= Marta Klonowska =

Polish glass maker

Marta Klonowska (born in 1964, Warsaw) is a Polish glass maker who is best known for her many animal sculptures. She often depicts animals with a relationship to historical figures or paintings, in natural poses using broken colored glass (cf. Lynx After a Sketchbook Page by Albrecht Durer). Her works have been shown are included in collections internationally, including London, Paris, Berlin, and a solo show in Japan.

== Biography ==
Marta was born in Warsaw, Poland where she began her craft as an artist, and now lives in Düsseldorf, Germany. She attended the Academy of Fine Arts in Wroclaw, Poland (1987–1989), where she studied with A.R. Penck. Glass quickly became her favorite artistic medium from which most of her art is created. Marta found inspiration for her work in paintings from great historical figures, in which their pets, mostly dogs, where depicted as a symbol of wealth and power.

== Career ==
Marta Klonowska attempts to "create installations which should lead the audience into a new universe.”
The sense of a theatrical stage the animals and caregivers are presented in is an attempt to blend the realities together to make her audience think of the uncertainties of life.

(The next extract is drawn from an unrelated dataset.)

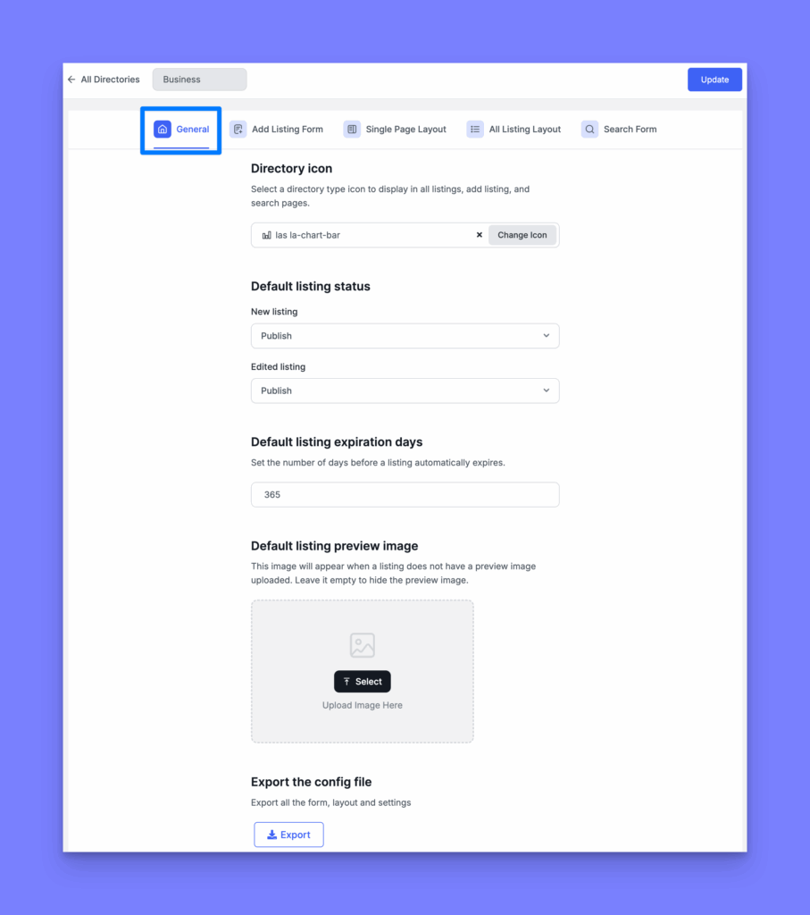 - Export the Config File: Allows you to export the current configuration of the directory (form structure, layout, and field data) as a JSON file. This is helpful for backup or reusing the setup in another directory instance.

Klonowska's work is included in the Alexander Tutsek-Stiftung Foundation, Munich;
the Boca Raton Museum of Art,
the Corning Museum of Glass, New York;
the Gerisch Sculpture Park, Neumünster, DE;
the Kunstsammlungen der Veste Coburg, Coburg, Germany;
the Museum Kunstpalast, Düsseldorf;
the Glasmuseum Hentrich, Düsseldorf;
and the Musée-Atelier du Verre, Sars-Poteries.

Marta Klonowska has exhibited in galleries including several exhibitions (2005 to 2015) at the Lorch+Seidel Galerie in Berlin. She participated in the event Glasstress(2011, 2013), Venice, which traveled world-wide.
Her work was part of the temporary exhibition Glassfever (2016), Dordrecht.
A solo show "Marta Klonowska - Istota", was held at the Toyama Glass Art Museum in Toyama, Japan in 2019.

== Awards and honors ==
Marta Klonowska has been an Artist in Residence(1999) at the Cité International des Arts, Paris, and an Artist in Residence (2002) at the Akerby Skulpturpark. She was a finalist for the Bombay Sapphire Prize (2006), London.